If an all-male hockey team were to play a game against an all-female team, on which club would you place your 20 bucks? If you believe a male victory is a foregone conclusion, you need not apologize; you are neither a “misogynist” (one who hates women) nor a defender of the “patriarchy” (a male-dominated system). There is no harm in acknowledging reality, but potentially much harm in denying it.
The aforementioned hockey game is not purely theoretical. Two weeks ago, as chronicled by Ed Hardin, the all-male Hillsborough Chiefs took on the all-female Greensboro Hookers, and the result was about what most of us would expect: The Chiefs won, 7-1. The only real surprise is that the women avoided a shutout.
The reality of which I write, and which most of us acknowledge, is that men and women are not equal. I am not suggesting that one gender is superior to the other; only that men and women have different aptitudes and preferences, different roles to play. An efficient and orderly society requires the contributions of men and women alike.
Jessica Custer, state chairwoman of the Network of Enlightened Women (NeW), explains the matter succinctly, in refreshingly anti-feminist terms: “Men and women are genetically, socially and intellectually different. Their differences should not be ignored by an over-regulatory government. Sex differences should be celebrated and encouraged. Men should be encouraged to be men, and women to be women.”
Custer grabbed my attention last month with a feisty letter to the editor about Title IX, legislation which, she argues, “ignores the possibility that more men than women actually want to participate in athletics.” Custer also asserts that Title IX disregards “the differences between men and women and demands a quota system that favors one group at the expense of another.”

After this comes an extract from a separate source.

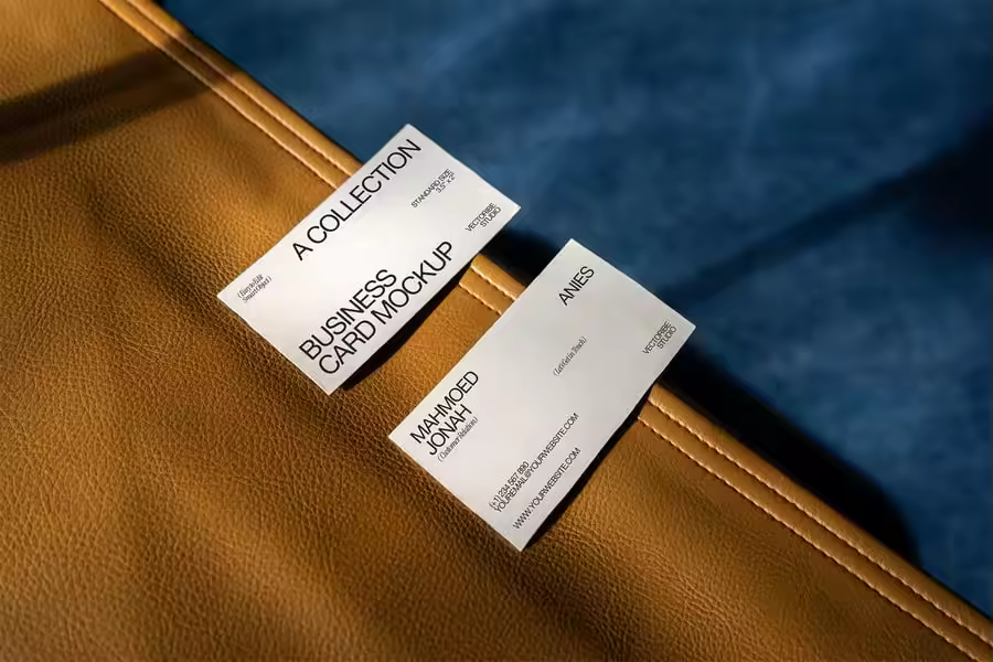 用这款逼真的模型,以简洁专业的方式展示您的名片设计。非常适合展示品牌形象、个人身份或客户项目。智能对象和高分辨率细节,易于定制。

Because of Title IX, Custer writes, “Women’s teams suffer as untalented players join the roster for the sake of making quotas and a team loses its collective competitiveness.” The same argument could be applied, with far graver consequences, to police departments, fire departments and the military. Women (and minorities) are coveted tokens of the “diversity” industry at all levels of government.
If your house goes up in flames and 10 big, burly men arrive to fight the fire, will you impede their progress on the grounds that the firefighting unit lacks “gender diversity”? Of course not. In fact, you would probably be grateful that men, rather than women, were on the scene.
All of this strikes me as common sense, although some may consider it an “old-fashioned” or “antiquated” way of looking at gender roles. On a university campus, my philosophy would be called “misogynist,” or “patriarchal,” and possibly even condemned as “hate speech.” Happily, even at the modern university, there remain young women who embrace traditional gender roles.
The Network of Enlightened Women exists as a safe haven on campus for young ladies who recoil from feminist thinking. NeW, Custer says, “is dedicated to challenging the liberal status quo on campuses by embracing femininity and masculinity, valuing motherhood and families, rejecting the victimhood mentality that dominates feminism, and helping women engage their communities.”
NeW is a book club that was formed five years ago by Karin Agness at the University of Virginia. Its weekly meetings are designed to educate and teach leadership skills to young ladies Custer describes as “culturally conservative women.” In North Carolina, NeW is active at UNC-Chapel Hill, N.C. State and Meredith College, with plans to form a chapter at UNCG. (Interested students should contact Jessica Custer: Jessica@enlightenedwomen.org.)
North Carolina’s NeW chapters are co-sponsoring an appearance by Fox News commentator and author Mary Katharine Ham at Meredith College on Jan. 27. Ham will speak at 7 p.m. on the topic, “NeW Wave Feminism: Girl Power without Government.” The event is free and open to the public.